The $105 million in Foreign Military Financing funds for the Lebanese Armed Forces (LAF) was released just before the Thanksgiving holiday and lawmakers were notified of the step on Monday, according to two congressional staffers and an administration official. A State Department official and a congressional aide, both speaking on condition of anonymity, said that the assistance has been unblocked by the White House's Office of Management and Budget. "The money is good to go," the State Department official said. Concerns mounted on Capitol Hill that the delay in the congressionally mandated aid package would hurt efforts to counter militants in the Middle East and potentially be a boost to U.S. rivals, including Iran and its proxies in the region.
The U.S. is the biggest donor to the Lebanese army, providing more than $1.5 billion in support since 2006. Washington says that the support has aimed to strengthen the army as “the sole” military force defending Lebanon, where Hezbollah holds significant sway, and to counter threats from neighboring Syria. According to the Pentagon and the U.S. State Department, the LAF is the only independent Lebanese institution capable of resisting Hezbollah.

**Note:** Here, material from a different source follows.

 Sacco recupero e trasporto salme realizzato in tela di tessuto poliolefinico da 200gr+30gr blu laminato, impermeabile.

The Trump administration has been tight-lipped on the reason for the hold-up in support for Lebanon but has been pressing Prime Minister Saad Hariri’s government to distance itself from Hezbollah.

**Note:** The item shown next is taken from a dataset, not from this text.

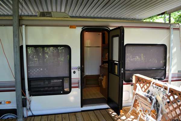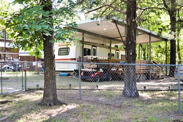 Two fenced lots in Sun Eagle Bay offer the perfect weekend escape or affordable Lake Fork retreat! This property includes a 1991 Rockwood Royale RV that's been protected under a metal awning and features a queen bed, sofa, chair, breakfast table, built-in microwave, and an upgraded full-size refrigerator and freezer. Step outside to enjoy a spacious covered wood deck with a picnic table, ceiling fan, and plenty of shade from tall, manicured trees. The two lots are fully enclosed with chain link fencing for privacy and security. A storage shed and outdoor grill add functionality for extended stays or gatherings. Sun Eagle Bay amenities include a boat ramp, fishing pier, swimming pool, clubhouse, and playground. Enjoy direct access to Lake Fork--just named the #3 bass fishing lake in the nation by Bassmaster. Whether you're looking to unwind, fish, or entertain, this property is ready to go!

Across Lebanon, protesters have been holding demonstrations since Oct. 17, demanding an end to widespread corruption and mismanagement by the political class that has ruled the country for three decades. Hariri, who included Hezbollah members in his cabinet, resigned a month ago in the face of major street protests. But his resignation led to another crisis as parties failed to reach a compromise for a new government. Supporters of Amal and the heavily armed Hezbollah were influential in the coalition government led by Hariri. They had opposed Hariri’s resignation.
The protests in Lebanon, which started last month as a reaction to a draft bill imposing new taxes on communication apps like WhatsApp, seem to be taking on a new dimension. The protests had adopted an anti-Iranian tone, accusing Tehran of intervening in the domestic issues of the country. Hezbollah has now joined the scene as well. Since the beginning of last week, Hezbollah supporters have also taken to the streets, clashing with other protesters. The scenes resemble those of the Lebanese Civil War, which lasted from 1975 to 1990.